# Ears a little small??



## Vipergerman (Oct 22, 2017)

Hey guys, I?ve read many other posts on this but I wanted a personal opinion on this puppy?s ear size. Please see attachment. Picture is at 6 weeks! Thanks!!


----------



## Castlemaid (Jun 29, 2006)

Is this your puppy? Is she pure-bred?


----------



## Sabis mom (Mar 20, 2014)

Cute puppy. Not sure if she is purebred but when Shadow was very young her ears were small as well. She was about 4 weeks in this picture, and the tip of her one ear is missing, but they were still little ears. 
Your pup looks younger then 6 weeks.


----------



## Fodder (Oct 21, 2007)

a little small for his age? breed? ability to hear??

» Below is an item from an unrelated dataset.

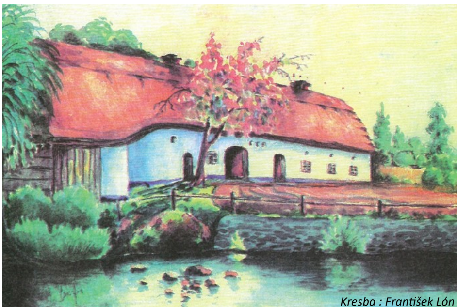
Kresba : František Lón
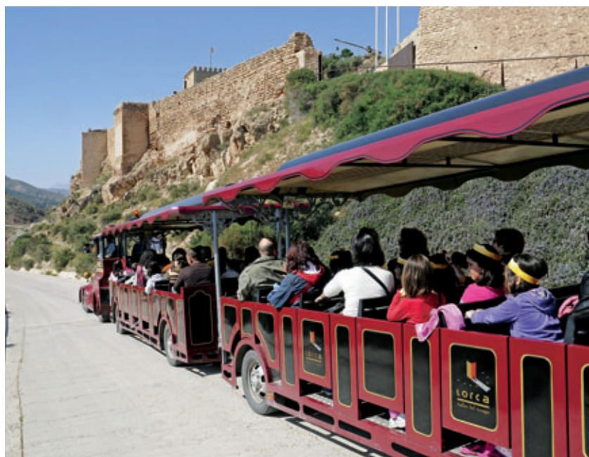
Grupo de turistas frente a la Fortaleza del Sol, en Lorca. La mayor parte de los habitantes de la Región de Murcia trabaja en el sector terciario, y el turismo es una de las actividades más destacadas.

they look to be of correct proportion for its size.


----------



## Vipergerman (Oct 22, 2017)

Thanks for the replies. We saw the parents when we got him so he should be pure but with these ears I am really questioning it. They offered AKC paperwork but I don't plan on breeding or showing or anything so I didn't get it from the breeder. Paperwork has his birthday as Sep 4th so he would be 7 weeks tomorrow and I took the picture yesterday.

Seems to hear fine! I have read that every puppy is different..being that some have disproportionate ears when they're young and others have ears that grow as they grow. So we'll see I guess!

Admins, sorry if this post is in the wrong section...i see now that there's a section devoted to ears!


----------



## Vipergerman (Oct 22, 2017)

We saw two of his sisters when we got him. One also had small ears like him and the other had ears that were flipped down like what I am used to seeing...


----------



## Vipergerman (Oct 22, 2017)

test


----------